* [Provided information]
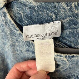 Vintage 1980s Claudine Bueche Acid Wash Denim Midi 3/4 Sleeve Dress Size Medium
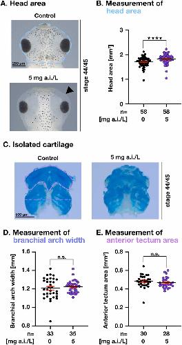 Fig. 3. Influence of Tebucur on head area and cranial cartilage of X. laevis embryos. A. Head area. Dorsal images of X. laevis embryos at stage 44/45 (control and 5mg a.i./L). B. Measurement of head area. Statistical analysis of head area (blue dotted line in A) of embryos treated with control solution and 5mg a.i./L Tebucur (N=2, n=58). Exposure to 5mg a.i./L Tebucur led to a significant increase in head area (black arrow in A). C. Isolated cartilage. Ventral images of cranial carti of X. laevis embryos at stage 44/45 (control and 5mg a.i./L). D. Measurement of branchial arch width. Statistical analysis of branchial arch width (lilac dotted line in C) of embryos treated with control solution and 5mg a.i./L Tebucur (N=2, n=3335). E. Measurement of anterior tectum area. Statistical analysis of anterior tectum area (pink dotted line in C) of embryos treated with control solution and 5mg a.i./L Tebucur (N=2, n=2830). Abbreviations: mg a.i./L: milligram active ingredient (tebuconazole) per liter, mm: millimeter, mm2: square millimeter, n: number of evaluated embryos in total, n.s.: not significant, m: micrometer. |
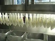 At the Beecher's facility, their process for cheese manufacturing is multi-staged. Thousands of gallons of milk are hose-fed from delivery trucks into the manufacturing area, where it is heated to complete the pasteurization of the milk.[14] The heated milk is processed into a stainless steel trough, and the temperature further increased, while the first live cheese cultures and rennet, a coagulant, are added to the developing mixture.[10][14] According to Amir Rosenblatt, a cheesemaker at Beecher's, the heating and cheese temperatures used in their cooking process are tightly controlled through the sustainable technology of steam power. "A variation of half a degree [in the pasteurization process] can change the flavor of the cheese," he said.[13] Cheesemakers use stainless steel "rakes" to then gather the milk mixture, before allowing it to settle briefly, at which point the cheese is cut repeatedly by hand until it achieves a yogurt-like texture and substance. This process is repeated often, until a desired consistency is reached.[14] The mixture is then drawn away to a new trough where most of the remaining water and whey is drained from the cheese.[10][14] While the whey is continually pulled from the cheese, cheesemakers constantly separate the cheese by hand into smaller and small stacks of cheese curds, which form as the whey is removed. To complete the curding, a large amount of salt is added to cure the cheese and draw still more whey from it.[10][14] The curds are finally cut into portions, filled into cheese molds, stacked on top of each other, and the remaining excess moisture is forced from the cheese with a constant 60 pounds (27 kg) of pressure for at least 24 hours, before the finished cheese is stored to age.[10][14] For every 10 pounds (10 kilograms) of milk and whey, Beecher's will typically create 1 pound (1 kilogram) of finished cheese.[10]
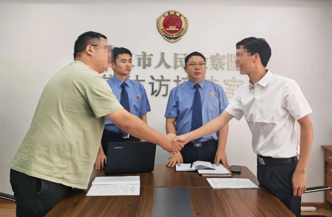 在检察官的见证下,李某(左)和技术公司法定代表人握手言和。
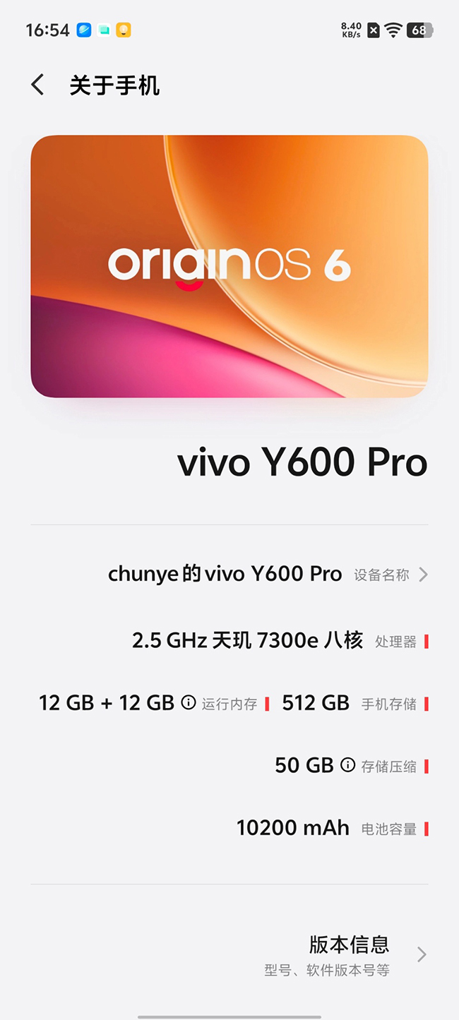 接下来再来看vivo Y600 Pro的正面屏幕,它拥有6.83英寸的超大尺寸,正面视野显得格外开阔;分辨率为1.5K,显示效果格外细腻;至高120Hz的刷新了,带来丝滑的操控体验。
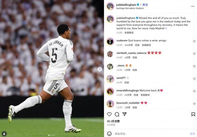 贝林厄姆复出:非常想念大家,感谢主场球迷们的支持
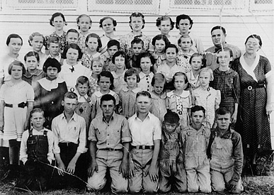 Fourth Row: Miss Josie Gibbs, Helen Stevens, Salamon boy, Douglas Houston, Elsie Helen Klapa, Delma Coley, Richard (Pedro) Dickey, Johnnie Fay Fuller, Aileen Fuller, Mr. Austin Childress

* [About this exercise]
Leaving out the pictures, restate word for word the lines above from the one containing "贝林厄姆复出:非常想念大家,感谢主场球迷们的支持" through the end of the records, both ends included.

* [Response below]
 贝林厄姆复出:非常想念大家,感谢主场球迷们的支持
 Fourth Row: Miss Josie Gibbs, Helen Stevens, Salamon boy, Douglas Houston, Elsie Helen Klapa, Delma Coley, Richard (Pedro) Dickey, Johnnie Fay Fuller, Aileen Fuller, Mr. Austin Childress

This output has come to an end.